I've run several tools for gene prediction and annotation like Prokka, Prodigal, Anvi'o, and eggNOG mapper.
I found out that all of them import Prokka for gene prediction, but all result in different outcome even though they use same algorithm. Can you explain how this is happened and what should I choose for further analysis? I used to use Prokka instead of other tools because they use Prokka anyway.
Prokka doesn't predict genes - it uses prodigal to do it. Prokka is a nice piece of software, but in my opinion it has a major flaw. It comes only with a HAMAP database preinstalled, and it doesn't state clearly that its predictive capabilities will be severely limited without installing other HMM database. At the very least, I think Pfam and TIGRfams databases should be installed for proper functionality. I also add COG and KOG HMM databases, but those may not be widely available. I suggest you scroll down on prokka github page for information how to install other databases.
It is unlikely that one will ever get identical annotations in all respects from different tools, because they use different underlying methodologies, different databases, and most likely their threshold cutoffs are different as well. There will be an agreement for most proteins if the analyses are done properly, which for prokka includes installing additional databases.
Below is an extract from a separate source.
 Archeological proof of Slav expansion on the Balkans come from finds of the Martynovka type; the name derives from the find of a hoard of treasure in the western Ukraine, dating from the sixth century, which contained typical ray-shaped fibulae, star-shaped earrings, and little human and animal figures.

You may want to search Biostars with prokka keyword for older posts on this subject. There are some links on the right-hand side of this page.
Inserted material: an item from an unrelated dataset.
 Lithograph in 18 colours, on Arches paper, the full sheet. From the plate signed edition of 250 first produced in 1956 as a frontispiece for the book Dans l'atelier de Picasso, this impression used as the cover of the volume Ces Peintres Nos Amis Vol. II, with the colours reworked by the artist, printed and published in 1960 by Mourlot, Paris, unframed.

I don't have a clear answer, but I know Prokka and Prodigal are not equivalent; in fact Prokka is sort of a wrapper program that starts by using Prodigal to predict coding sequences, and then iteratively searches these sequences through different databases using a hierarchy of approaches. It starts by blasting a user-provided db (if provided). All non-hits are then blasted through a UniProt db, and finally searches HMM libraries using HMMER.
In comparison, eggNOg mapper uses orthology assignment to predict function. I'm not sure I can explain correctly why this is a different approach, but from eggNOG :
The use of orthology predictions for functional annotation permits a
higher precision than traditional homology searches (i.e. BLAST
searches), as it avoids transferring annotations from close paralogs
(duplicate genes with a higher chance of being involved in functional
I am not familiar with Anvi'o approach, but looking into how it profiles functions might reveal cues on why it diverges as well.
Hopefully my answer helps at least a little!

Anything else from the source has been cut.